Della lunga vita (Pistoia, 1880-Genova,1971) di Leda Rafanelli, dedita fin dalla prima giovinezza non solo alla militanza nel movimento anarchico, ma anche all’attività di pubblicista e scrittrice, è impossibile dare in poco spazio una sintesi sia pure estrema. Ci si limiterà, qui, a concentrare l’attenzione sul periodo della sua formazione giovanile, in cui già si incontrano realizzati esempi della sua vulcanica poliedricità.

Leda si stabilisce a Firenze nei primissimi anni del ‘900, secondo la ‘vulgata’ (trasmessa dalla maggioranza di suoi biografi e critici) dopo essere rientrata da un soggiorno in Egitto, dove si sarebbe convertita contemporaneamente all’anarchismo e alla fede musulmana. Peraltro non vi è certezza che tale soggiorno sia effettivamente avvenuto e tanto meno che ad Alessandria d’Egitto la giovane Leda abbia avuto contatti con l’ambiente anarchico de “La Baracca Rossa” fondata da Enrico Pea. Se Leda rimase sempre molto sul vago a proposito di quel viaggio, fu lo studioso Pier Carlo Masini, a lungo suo amico, ad accreditare tale narrativa (si vedano: Iréos e Djali, in Luigi Fabbri, Studi e documenti sull’anarchismo tra Otto e Novecento, Pisa, BFS edizioni, 2005 e l’introduzione a Una donna e Mussolini, Milano, Rizzoli, 1946). Lo stesso Masini riporta la descrizione fatta da Leda (nell’inedito Pensieri del 1897) del proprio incontro, che sarebbe avvenuto in questa circostanza, con Luigi Polli.

Quello che invece è certo è che Leda incontrerà (nuovamente o per la prima volta) Luigi Polli, che sposerà nel 1902, nell’ambiente della Camera del Lavoro di Firenze. In questo stesso contesto Leda incontra e stringe amicizia con gli “ultimi internazionalisti” (‘reduci’ della Prima Internazionale antiautoritaria) Giuseppe Scarlatti, Francesco Pezzi e la sua compagna Luisa Minguzzi, fondatrice della prima sezione femminile dell’Internazionale.
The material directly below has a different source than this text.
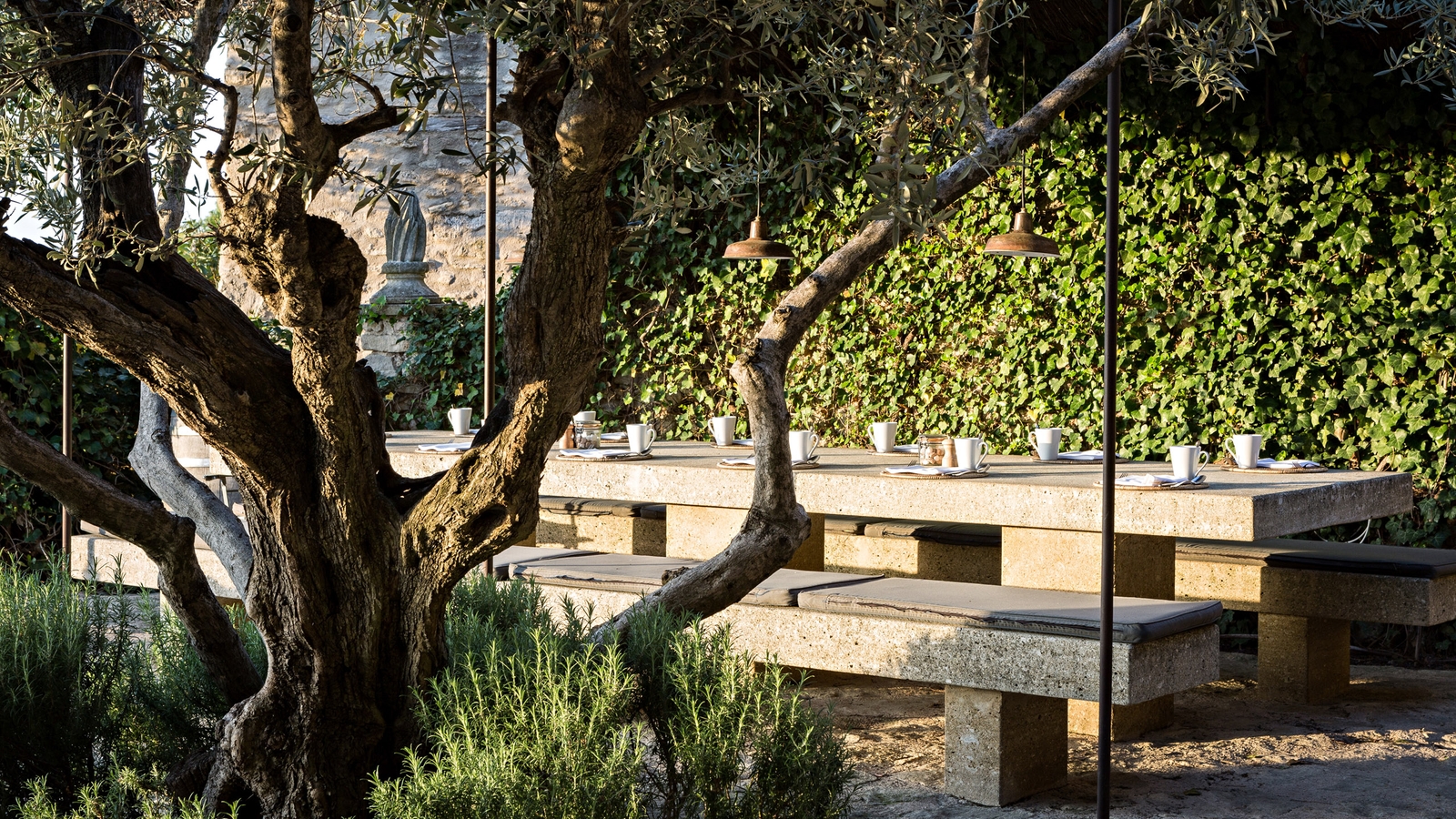 Enjoy dinner in the magnificent stone vaulted dining room or out on the terraces at Restaurant Jérôme Blanchet, with views over the vineyards and olive groves. Or enjoy the rustic celebration of food and wine produced within 40km of Crillon le Brave at Bistrot 40K. Fresh local produce is delivered to the kitchen daily. For a leisurely breakfast or lunch, take a table at Grange Bar or Terrace Ventoux and enjoy the view of the Provençal landscape.

untitledA Firenze Leda, la cui scolarizzazione si era fermata alla seconda elementare, lavora come tipografa e pubblica il suo primo opuscolo “di propaganda”, Alle madri italiane (1901) con la Libreria editrice G. Nerbini. Qui Leda si riferisce ancora a se stessa come “socialista” e rivolge alle madri il messaggio di “noi socialisti”, propugnando l’idea seppure non del rifiuto totale della religione da parte delle madri credenti, di una religione spogliata dalle sovrastrutture ecclesiastiche.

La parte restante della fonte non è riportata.